Buceando en mi niñez, encuentro, entre los seis y los ocho
años, las tardes que pasaba con mi padre viendo los programas de animales de la
dos.
El tenía dos trabajos, uno por la mañana, y otro, al
comienzo de la tarde hasta media noche. Aquel lo desempeñaba en un almacén y el
segundo en una Iglesia. Era una religión privada, Los Padres de la Salvación
Omnisciente y Eterna, PSOE. De verdad. Tenía varios polos, unos de manga corta
y otros de manga larga con las siglas cosidas. Era una religión de procedencia
sudamericana. Llevaban a cabo el apostolado en casas de seguidores. Abjuraban
de las iglesias. Para ellos era como volver al pasado. Mi padre hacía de
acólito. Sólo tenía que estar. Un creyente blanco, rubio, del país, daba
credibilidad. Había varias personas en esa situación. Es lo que se rumoreaba,
porque entre ellos no se conocían. Es lo que le contaba a mi madre mientras
comíamos. Decía que era un trabajo muy cómodo pero yo me daba cuenta de que
cuando lo decía se ponía algo incomodo. Mi madre lo miraba de reojo.
Era después de comer
que yo lo tenía todo para mí. Nos íbamos al sofá, ponía la segunda cadena de la
televisión pública, se tumbaba en el sofá y yo me arrebujaba entre sus brazos.
Al cabo de unos minutos la monótona voz del locutor que iba narrando las
vicisitudes por las que pasaban los animales se entremezclaba con los ronquidos
de mi padre. Era un tiempo sereno, cálido y a salvo de todo.
Las imágenes eran como las maquinaciones de un mago que
quisiera encandilarte mientras está tramando su truco delante de mis ojos hasta
que sonaba la alarma y mi padre se desperezaba, dispuesto a hacer de creyente.
El día continuaba en la tarde y los deberes me absorbían.
¿Quién dice que no fue en esas tardes cuando se quedó fijada
en mí para siempre las grupas de aquellas hembras que desfilaban por páramos,
sabanas, ríos y lagos? Leonas, tigresas, panteras, incluso elefantas, hienas,
hipopótamas y focas, todas moviendo sus grupas fijando en mi subconsciente su
cualidad de género. Todas en un momento u otro con sus crías arrastras.
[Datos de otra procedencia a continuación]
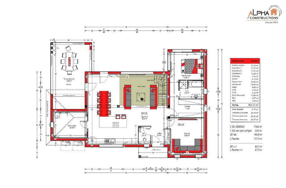 Le modèle proposé est une maison contemporaine de 160 m² habitables, au design moderne et lumineux, comprenant :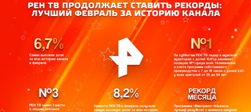 Февраль стал лучшим для РЕН ТВ за всю историю канала

Muchas veces lo he pensado si no fue en esos momentos, que
mi masculinidad, aún flotando en la inopia, le echó un vistazo a aquellas
hembras y ya nunca las olvidó.
Porque yo conscientemente nunca he tenido ningún pensamiento
en ese sentido.
En mi adolescencia y en mi despertar del deseo sexual no
tengo sensación de sentir otra cosa que ese típico cosquilleo al empezar a
fijarme en que las que antes de ayer eran niñas de ojos traviesos ahora eran
niñas de ojos que te atravesaban, que te miraban reveladoras, haciéndote
participe de los recientes descubrimientos que habían hecho en sus cuerpos y
que sólo podían dejar que intuyeras bajo su ropa incapaz. El corazón se volvía
loco, como cuando como un rayo ibas detrás de la pelota o huías como un
criminal delante del adulto de turno que te perseguía tras una travesura.
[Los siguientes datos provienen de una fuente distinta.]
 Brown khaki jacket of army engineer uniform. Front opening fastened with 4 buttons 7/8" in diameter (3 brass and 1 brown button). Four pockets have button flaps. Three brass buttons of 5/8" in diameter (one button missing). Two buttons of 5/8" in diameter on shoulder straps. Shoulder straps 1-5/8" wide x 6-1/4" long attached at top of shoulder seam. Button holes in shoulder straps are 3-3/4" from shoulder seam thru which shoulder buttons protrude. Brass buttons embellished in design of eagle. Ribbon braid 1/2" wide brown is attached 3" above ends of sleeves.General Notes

Después todo se fue concretando y como ciegos manoteando íbamos encontrando el
camino, en dirección a aquellas tetas calientes y acogedoras, o aquellas
entrepiernas de hallazgos inesperados. Y entonces ya los sueños no se acababan
en el preciso momento, si no después, cuando ya el conocimiento había tirado
otro trozo de pared.
Pero nada me indicaba otra cosa. Ni tan siquiera los
comentarios de los amigos me sonaban ajenos. Eran los míos, eran mis
sensaciones. Bueno, miento, en esa época en la que las preferencias de cada uno
se iban perfilando, a mí de todo lo que una amiga me podía ofrecer era el
bamboleo pronunciado de sus caderas lo que más me atraía. No había sonrisa, ni
gesto, ni voz, ni pecho que pudiera compararse al atractivo de unas caderas
incitadoras.
El movimiento felino.
Pero a otros también les pasaba.
En mi primera experiencia sexual completa sucedió que la
precipitación, la inexperiencia, el miedo, sólo dio para una eyaculación.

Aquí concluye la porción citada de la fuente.